If there's a bridge , Hang them from it, let them rot so the other amigo's can get the hint.


----------



## twidpa (Apr 13, 2009)

sound like it should be an ICE joint task force operation.
t


----------



## kurazy kracka (Oct 14, 2008)

CYT said:


> Now Now....da homeboys need to make living and feed they're families too ya know....
> 
> Why isn't DNR putting more pressure on this area. It keeps happening time and time again.
> It's like they don't care.


They can bus tables or cut grass


----------



## catman (May 28, 2001)

Who is buying all these illegal dink rock? That's a lot of fish tacos.


----------



## kurazy kracka (Oct 14, 2008)

catman said:


> Who is buying all these illegal dink rock? That's a lot of fish tacos.
> View attachment 35490


Their fellow tacos


----------



## andypat (Jan 7, 2004)

CYT said:


> Now Now....da homeboys need to make living and feed they're families too ya know....
> 
> Why isn't DNR putting more pressure on this area. It keeps happening time and time again.
> It's like they don't care.


 --------- penalty on each count is $1,500." I wonder where the money goes? Maybe they have a quota to reach like the traffic cops in some little towns do.


----------



## Guest (May 15, 2017)

andypat said:


> --------- penalty on each count is $1,500." I wonder where the money goes? Maybe they have a quota to reach like the traffic cops in some little towns do.
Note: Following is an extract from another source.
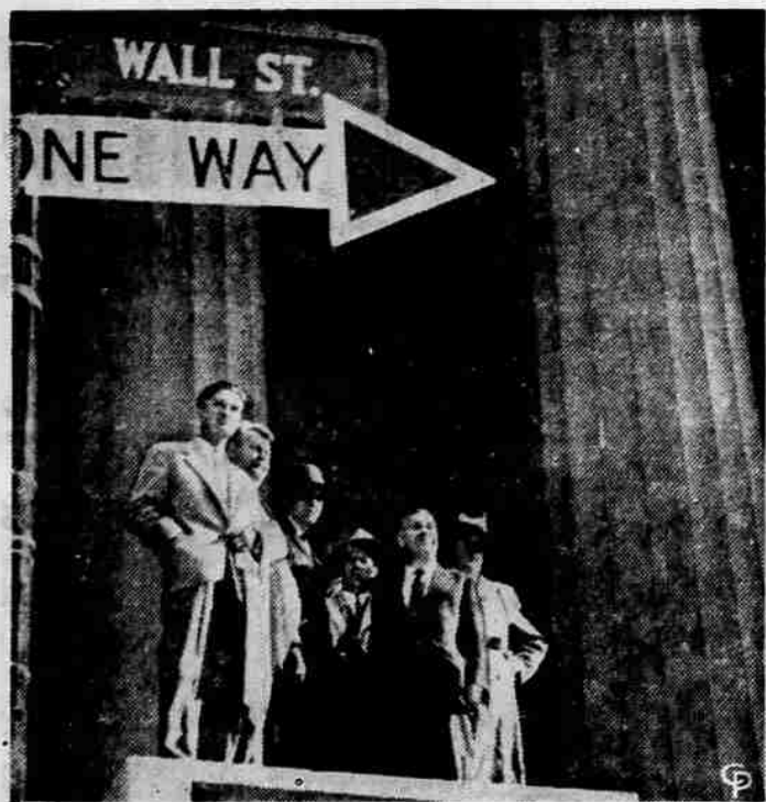
ARRIVING IN NEW YORK for month-long study of American life, Soviet journalists visit Wall Street, heart of capitalistic system they oppose. Group is standing outside Federal Building, Broad and Wall streets.

They don't get the money because hardly anyone shows up for their court date, and the ones who do get reduced fines because most judges don't think natural resources violations are "real" crimes.


----------



## Guest (May 15, 2017)

Jason Mason said:


> Wow that spot must be awesome[
> 
> 
> 12 people .435 fish.roughly 38ish undersized fish each. Rockfish stay in schools Im surprised there wasnt five times as much.


----------



## blacktopbroker (Jan 15, 2011)

MillerLitehouse said:


> "Continued enforcement at Fishing Creek Bridge in Dorchester County over the weekend resulted in 13 men being charged and 435 fish being seized.
> 
> The following men were charged with keeping undersized striped bass, keeping fish over the daily creel limit, fishing in a closed area, and possession of striped bass between midnight and 5 a.m.:
> 
> ...




WHOOAA WHOOAAA WHOOAAA PLANKEYES! Yes what they did was wrong, and they will get fined. But you racist bigots best be pointing the finger to your own ****** white folk..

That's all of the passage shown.